Here's how to calculate the minimal amount you should bid per bridge for this three-year project:

1. Consider the Equipment:

Equipment cost: $1,000,000

Salvage value (selling price after 3 years): $400,000

Depreciation: Straight-line over 3 years

Annual depreciation expense: ($1,000,000 - $400,000) / 3 years = $200,000/year

2. Factor in Working Capital:

Net working capital needed: $250,000 (constant throughout the project)

3. Analyze Costs and Taxes:

Fixed cost per year: $500,000

Variable cost per bridge: $3,000,000

Required rate of return: 20%

Tax rate: 10%

4. Calculate After-Tax Cash Flow per Year:

We'll consider one year at a time. Let's denote the year as "Y":

Revenue from the bridge (unknown yet - this is what we're solving for): "Bid amount (X)"

Total cost: Fixed cost + Variable cost - Depreciation expense

Taxable income before depreciation: Bid amount (X) - Total cost

Depreciation tax shield: Annual depreciation expense * Tax rate = $200,000 * 10% = $20,000

Taxable income: Taxable income before depreciation - Depreciation tax shield

Taxes (at 10% rate): Taxable income * Tax rate

After-tax cash flow (Y): Bid amount (X) - Total cost - Taxes + Depreciation expense + Net working capital

5. Apply Annuity Factor for Present Value:

We're considering a three-year project, so we need to find the present value of the after-tax cash flow for each year. Since the cash flow happens at the end of each year (annuity due), we'll use an annuity factor (considering the required rate of return of 20%).

Annuity factor for 3 years at 20% interest: 2.106 (given)

6. Solve for the Minimum Bid (X):

We want the project's Net Present Value (NPV) to be zero at the minimum acceptable bid. NPV is the sum of the present values of all future cash flows.

Net Present Value (NPV) Equation:

NPV = After-tax cash flow (Year 1) + After-tax cash flow (Year 2) + After-tax cash flow (Year 3) - Initial equipment cost + Salvage value = 0

We can rewrite the above equation with the annuity factor and solve for X (the minimum bid amount).

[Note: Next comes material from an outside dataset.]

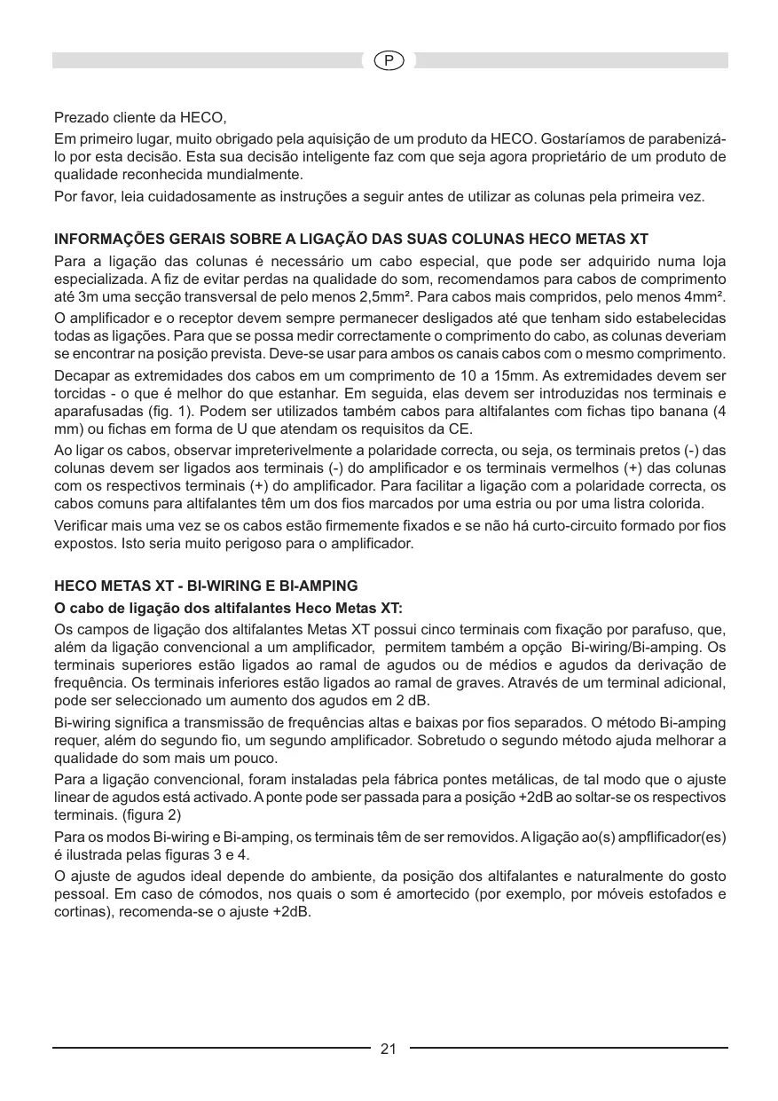 Prezado cliente da HECO, Em primeiro lugar, muito obrigado pela aquisição de um produto da HECO. Gostaríamos de parabenizálo por esta decisão. Esta sua decisão inteligente faz com que seja agora proprietário de um produto de qualidade reconhecida mundialmente. Por favor, leia cuidadosamente as instruções a seguir antes de utilizar as colunas pela primeira vez. INFORMAÇÕES GERAIS SOBRE A LIGAÇÃO DAS SUAS COLUNAS HECO METAS XT Para a ligação das colunas é necessário um cabo especial, que pode ser adquirido numa loja especializada. A fiz de evitar perdas na qualidade do som, recomendamos para cabos de comprimento até 3m uma secção transversal de pelo menos 2,5mm². Para cabos mais compridos, pelo menos 4mm². O amplificador e o receptor devem sempre permanecer desligados até que tenham sido estabelecidas todas as ligações. Para que se possa medir correctamente o comprimento do cabo, as colunas deveriam se encontrar na posição prevista. Deve-se usar para ambos os canais cabos com o mesmo comprimento. Decapar as extremidades dos cabos em um comprimento de 10 a 15mm. As extremidades devem ser torcidas - o que é melhor do que estanhar. Em seguida, elas devem ser introduzidas nos terminais e aparafusadas (fig. 1). Podem ser utilizados também cabos para altifalantes com fichas tipo banana (4 mm) ou fichas em forma de U que atendam os requisitos da CE. Ao ligar os cabos, observar impreterivelmente a polaridade correcta, ou seja, os terminais pretos (-) das colunas devem ser ligados aos terminais (-) do amplificador e os terminais vermelhos (+) das colunas com os respectivos terminais (+) do amplificador. Para facilitar a ligação com a polaridade correcta, os cabos comuns para altifalantes têm um dos fios marcados por uma estria ou por uma listra colorida. Verificar mais uma vez se os cabos estão firmemente fixados e se não há curto-circuito formado por fios expostos. Isto seria muito perigoso para o amplificador. HECO METAS XT - BI-WIRING E BI-AMPING O cabo de ligação dos altifalantes Heco Metas XT: Os campos de ligação dos altifalantes Metas XT possui cinco terminais com fixação por parafuso, que, além da ligação convencional a um amplificador, permitem também a opção Bi-wiring/Bi-amping. Os terminais superiores estão ligados ao ramal de agudos ou de médios e agudos da derivação de frequência. Os terminais inferiores estão ligados ao ramal de graves. Através de um terminal adicional, pode ser seleccionado um aumento dos agudos em 2 dB. Bi-wiring significa a transmissão de frequências altas e baixas por fios separados. O método Bi-amping requer, além do segundo fio, um segundo amplificador. Sobretudo o segundo método ajuda melhorar a qualidade do som mais um pouco. Para a ligação convencional, foram instaladas pela fábrica pontes metálicas, de tal modo que o ajuste linear de agudos está activado. A ponte pode ser passada para a posição +2dB ao soltar-se os respectivos terminais. (figura 2) Para os modos Bi-wiring e Bi-amping, os terminais têm de ser removidos. A ligação ao(s) ampflificador(es) é ilustrada pelas figuras 3 e 4. O ajuste de agudos ideal depende do ambiente, da posição dos altifalantes e naturalmente do gosto pessoal. Em caso de cómodos, nos quais o som é amortecido (por exemplo, por móveis estofados e cortinas), recomenda-se o ajuste +2dB.

After rearranging and substituting the after-tax cash flow formula from step 4:

X * (1 - (1 + Required return)^(-Project life)) / Required return = (Total cost - Depreciation expense + Net working capital) * Annuity factor + Equipment cost - Salvage value

Plugging in the numbers:

X * (1 - (1 + 0.2)^(-3)) / 0.2 = ($500,000 + $3,000,000 - $200,000 + $250,000) * 2.106 + $1,000,000 - $400,000

X * (1 - 0.512) / 0.2 = $3,856,000 * 2.106 + $600,000

X * 0.488 = $8,038,16 + $600,000

X = ($8,038,16 + $600,000) / 0.488 ≈ $8,647,764

Minimum Bid amount rounded to nearest $100: $8,647,800

Therefore, the minimum amount you should bid per bridge to achieve a zero Net Present Value for this three-year project is approximately $8,647,800.